Make an exact copy of the whole listing, but leave its pictures out.
START Dataset content
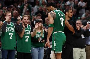 本場比賽,凱爾特人球星塔圖姆穩(wěn)定輸出,打了27分鐘16投6中,三分9中2、罰球7中6拿到20分3籃板2助攻,正負(fù)值-3。
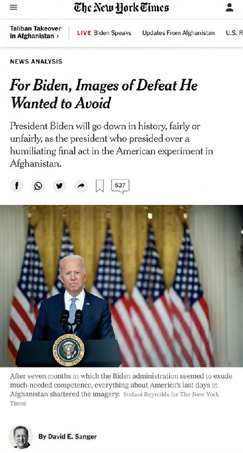 《纽约时报》资深作家大卫·E·桑格(David E. Sanger)写道:“拜登上任时的外交政策经验比近期记忆中的任何一位总统都要多,但仍因执行不力而给他的遗产留下了污点。”“拜登将被载入史册,无论公平或不公平,作为主持美国在阿富汗试验中酝酿已久、屈辱的最后一幕的总统。” “即使是拜登总统的许多盟友,也认为他最终退出了一场美国无法获胜且不再符合其国家利益的战争是正确的决定,但他们承认拜登在执行撤军时犯了一系列重大错误。”
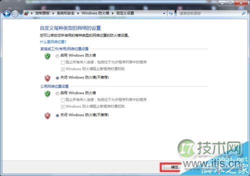 6、以上配置好后,点“确定”即可关闭防火墙。
END Dataset content
▶ Response to the task:
 本場比賽,凱爾特人球星塔圖姆穩(wěn)定輸出,打了27分鐘16投6中,三分9中2、罰球7中6拿到20分3籃板2助攻,正負(fù)值-3。
 《纽约时报》资深作家大卫·E·桑格(David E. Sanger)写道:“拜登上任时的外交政策经验比近期记忆中的任何一位总统都要多,但仍因执行不力而给他的遗产留下了污点。”“拜登将被载入史册,无论公平或不公平,作为主持美国在阿富汗试验中酝酿已久、屈辱的最后一幕的总统。” “即使是拜登总统的许多盟友,也认为他最终退出了一场美国无法获胜且不再符合其国家利益的战争是正确的决定,但他们承认拜登在执行撤军时犯了一系列重大错误。”
 6、以上配置好后,点“确定”即可关闭防火墙。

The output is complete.